* EXERCISE DIRECTIONS *
Skip the pictures and retype exactly the lines from the one holding "Coppia di candelieri" through the end of the entries.

* DATASET EXCERPTS *

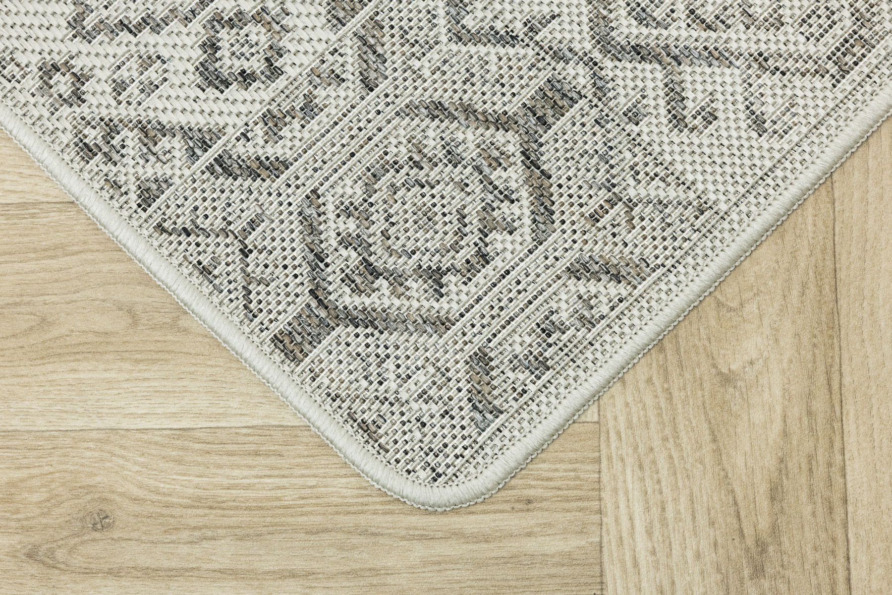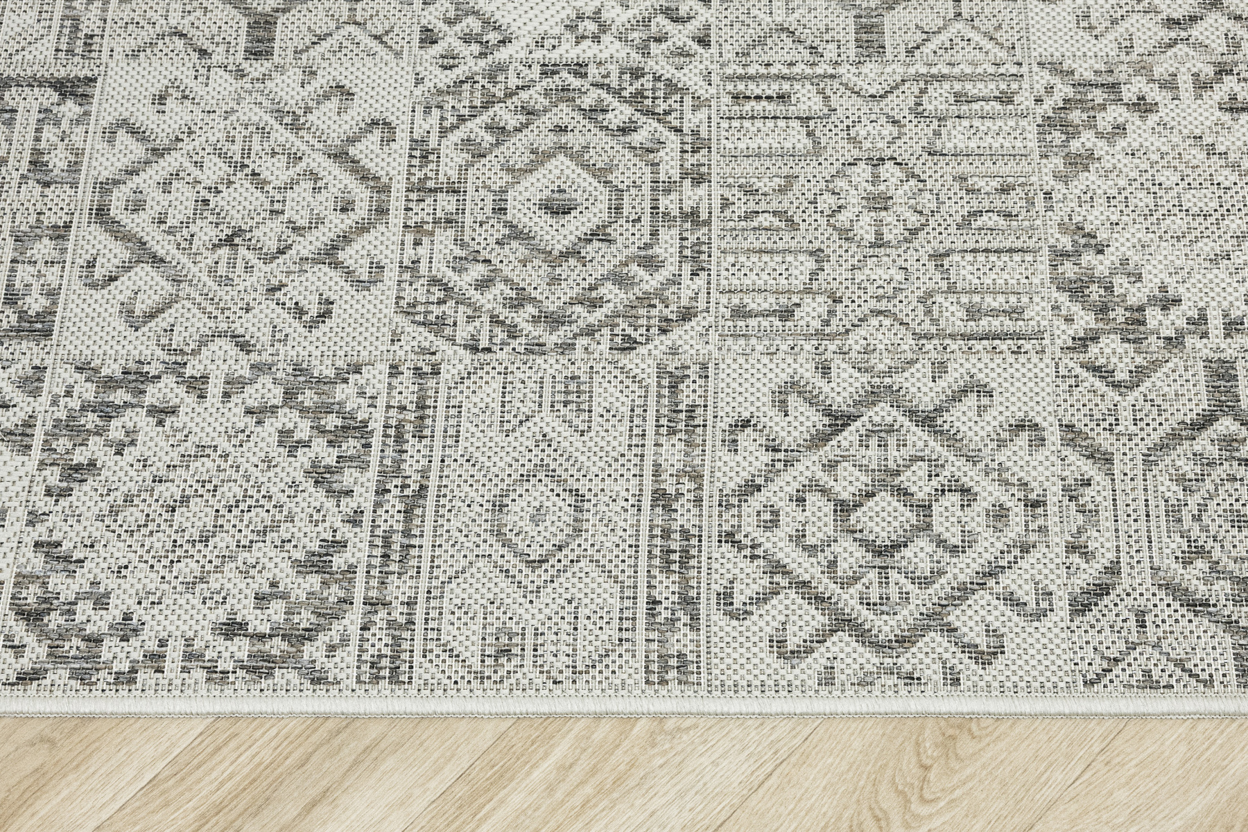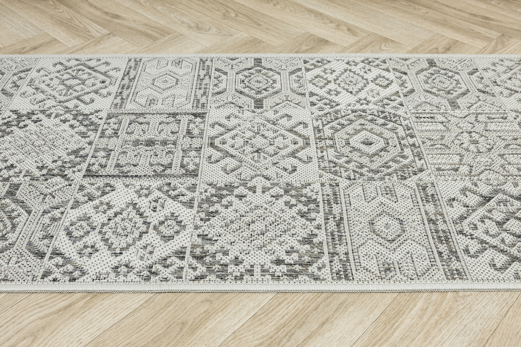 - Podgumowany, antypoślizgowy, sznurkowy dywan Flex ze wzorem w stylu etnicznym, patchworkowym w romby z podgumowanym spodem.
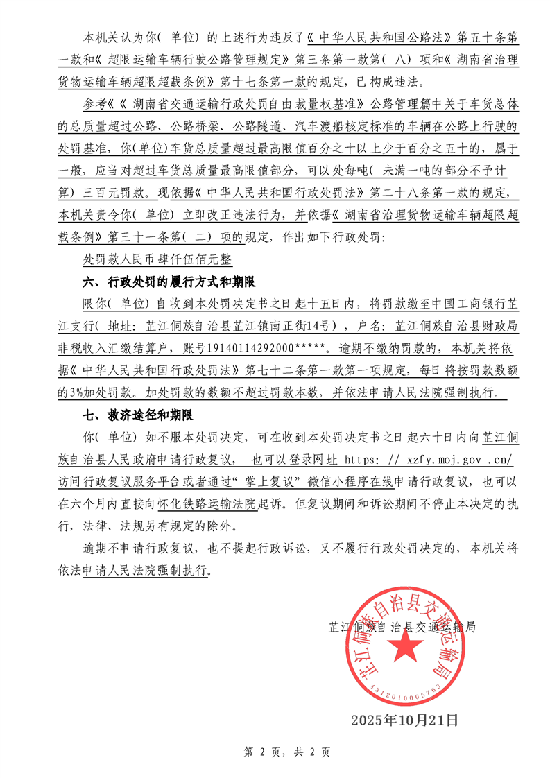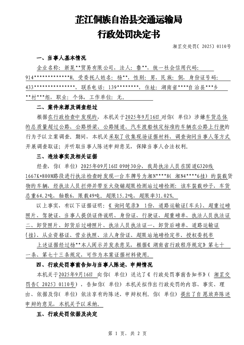芷江侗族自治县交通运输局行政处罚决定书---湘芷交处罚〔2025〕0110号
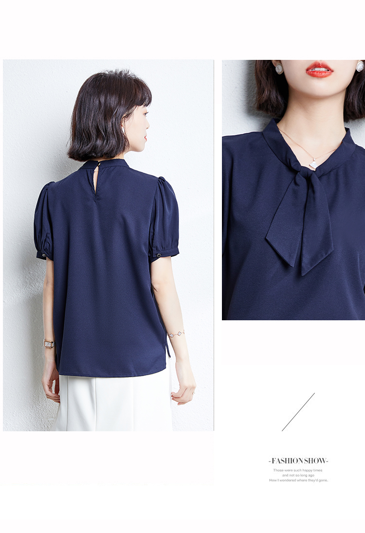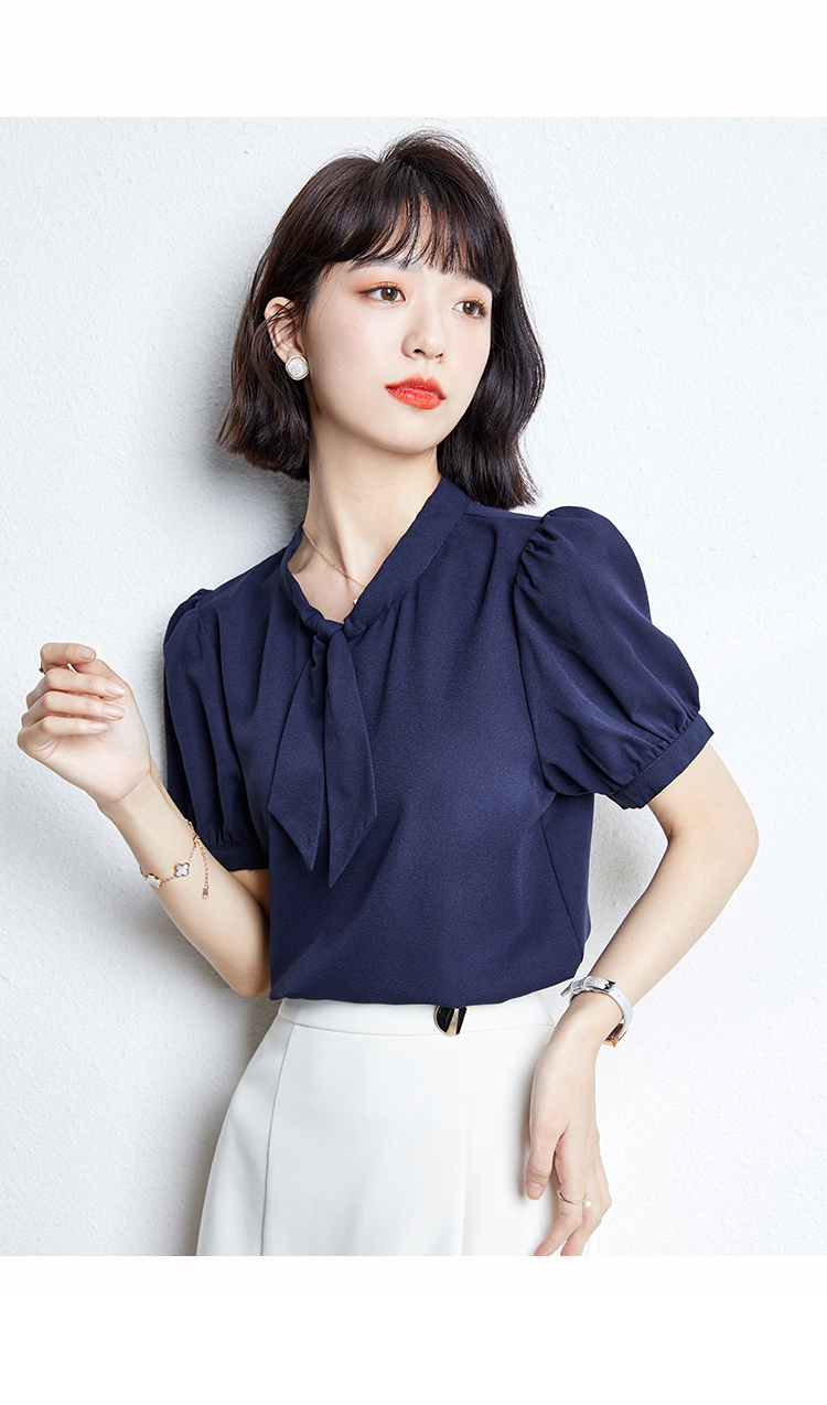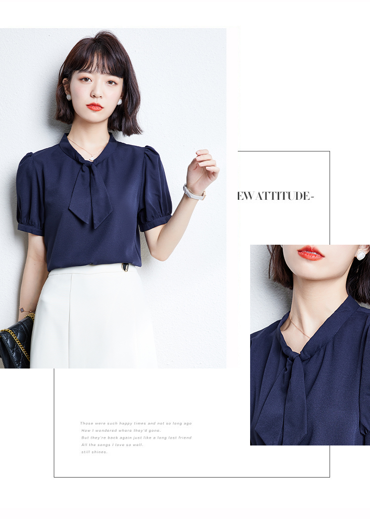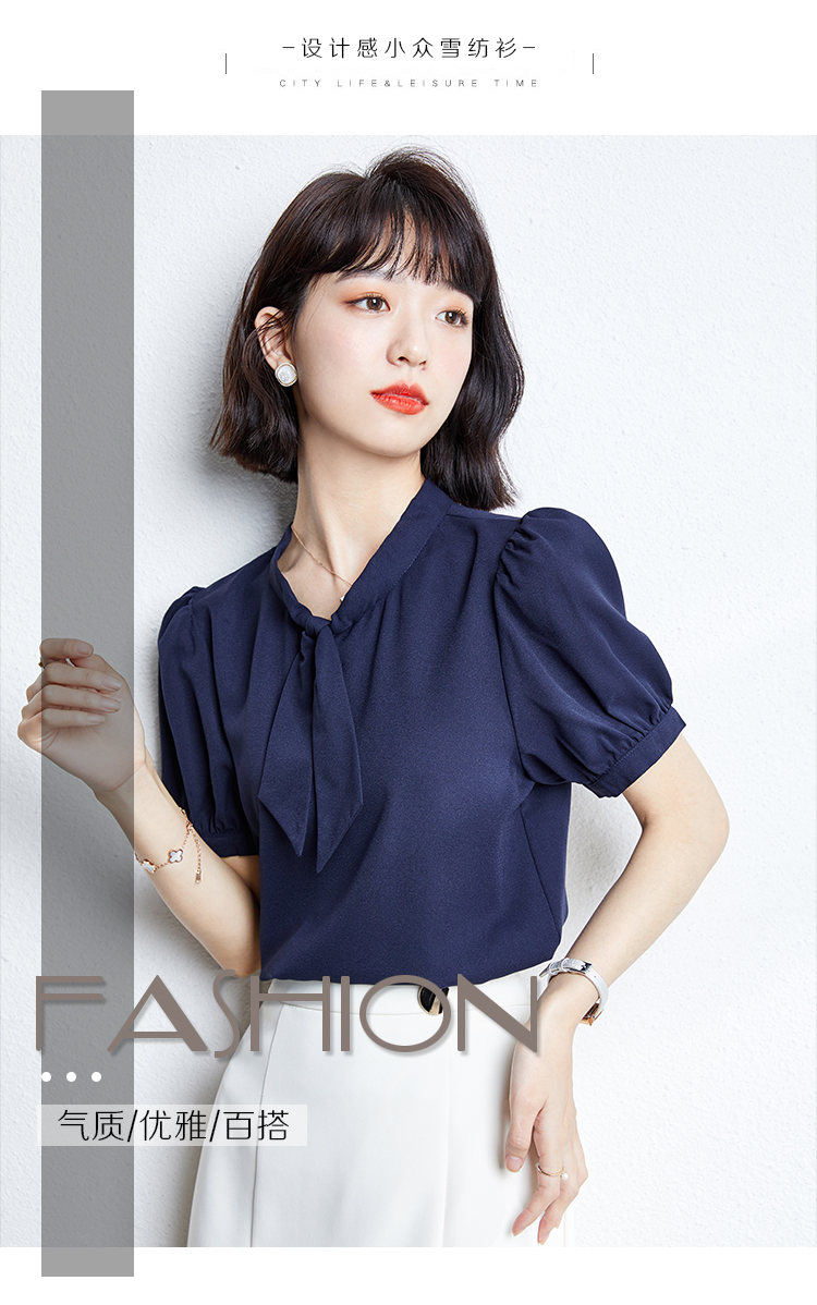 实拍短袖气质衬衫女设计感小众时尚纯色套头泡泡袖百搭雪纺衫
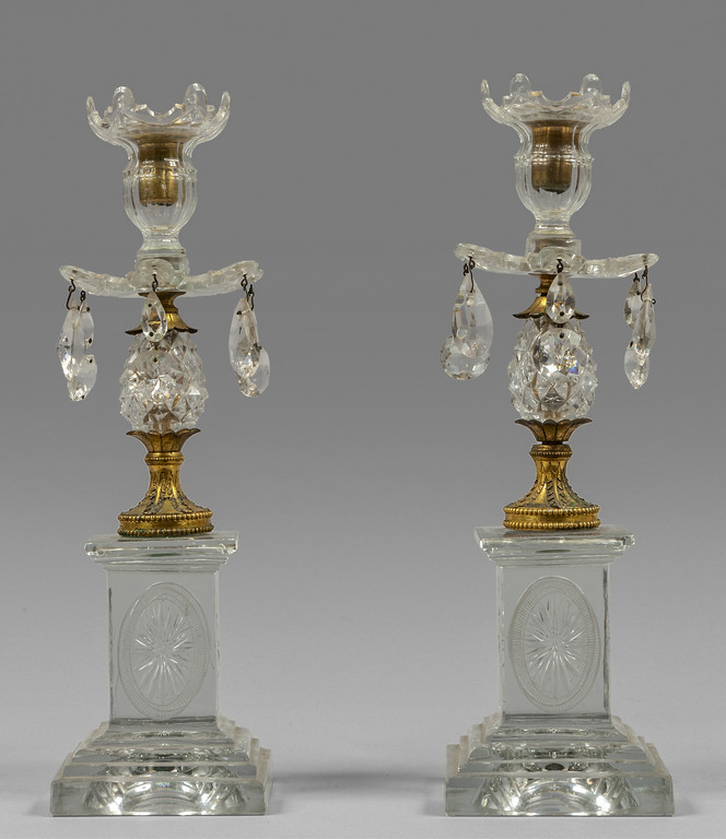 Coppia di candelieri in cristallo e bronzo dorato sec.XIX
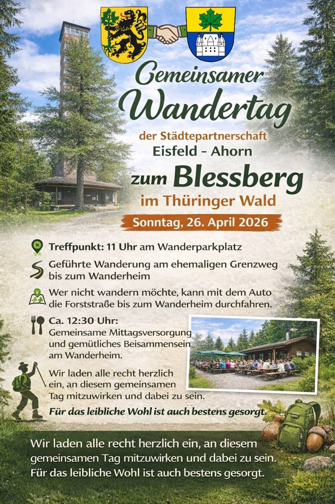 Am Sonntag, den 26. April 2026, startet die Veranstaltung um 11:00 Uhr mit einer geführten Wanderung entlang des ehemaligen Grenzwegs bis zum Wanderheim auf dem Bleßberg. Alternativ können Sie das Ziel auch bequem mit dem Auto über die Forststraße erreichen. Ab etwa 12:30 Uhr erwartet Sie eine gemeinsame Mittagsverpflegung sowie ein gemütliches Beisammensein. Für das leibliche Wohl ist bestens gesorgt.
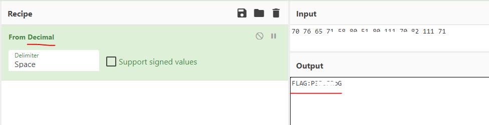 CyberChef(https://gchq.github.io/CyberChef) 에서 From Decimal 으로 디코딩해주면
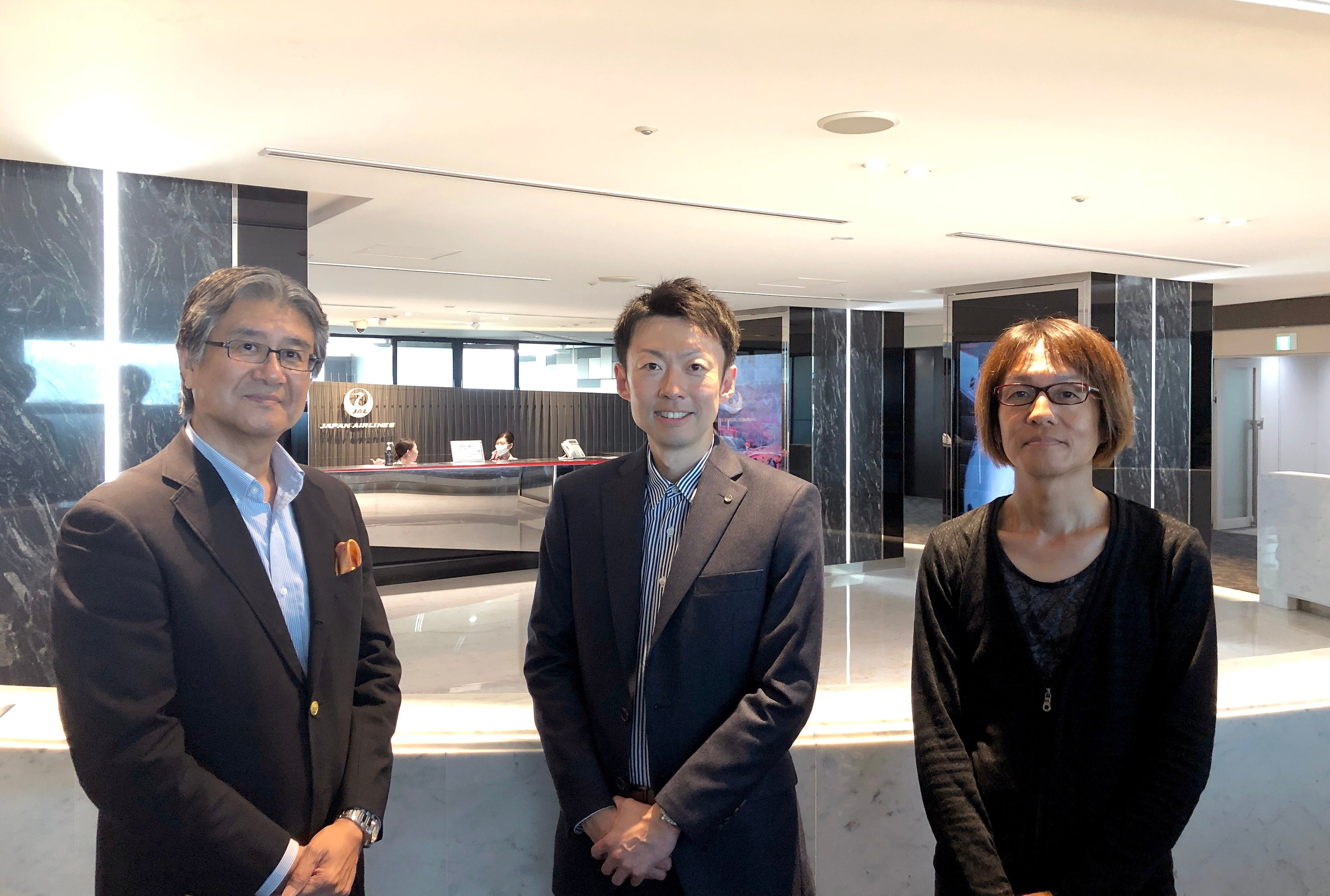 ▲左から石井 龍夫、小西 孝典氏(日本航空株式会社)、山名 敏雄氏(日本航空株式会社)
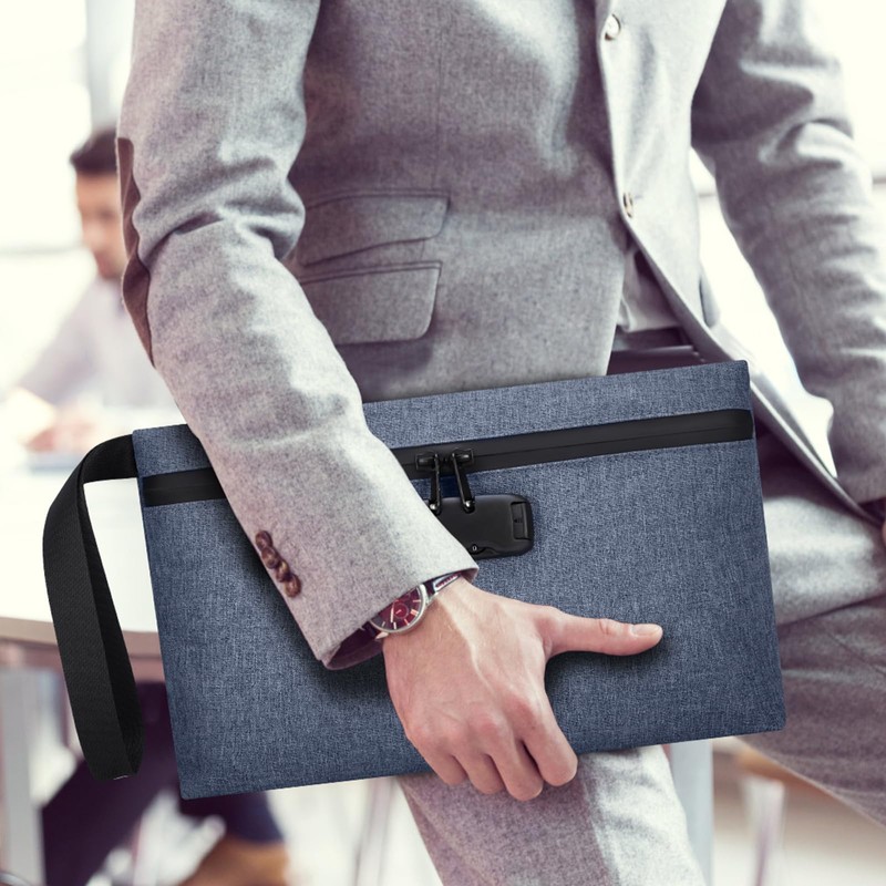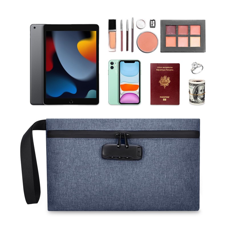 KeeKit Money Bag with Combination Lock, 13 x 8 Inches Waterproof Men & Women's Locking Accessories Pouch, Portable Carry Handle Bag for Bank Deposits, Travel, Credit Cards – Blue

* REPLY *
 Coppia di candelieri in cristallo e bronzo dorato sec.XIX
 Am Sonntag, den 26. April 2026, startet die Veranstaltung um 11:00 Uhr mit einer geführten Wanderung entlang des ehemaligen Grenzwegs bis zum Wanderheim auf dem Bleßberg. Alternativ können Sie das Ziel auch bequem mit dem Auto über die Forststraße erreichen. Ab etwa 12:30 Uhr erwartet Sie eine gemeinsame Mittagsverpflegung sowie ein gemütliches Beisammensein. Für das leibliche Wohl ist bestens gesorgt.
 CyberChef(https://gchq.github.io/CyberChef) 에서 From Decimal 으로 디코딩해주면
 ▲左から石井 龍夫、小西 孝典氏(日本航空株式会社)、山名 敏雄氏(日本航空株式会社)
 KeeKit Money Bag with Combination Lock, 13 x 8 Inches Waterproof Men & Women's Locking Accessories Pouch, Portable Carry Handle Bag for Bank Deposits, Travel, Credit Cards – Blue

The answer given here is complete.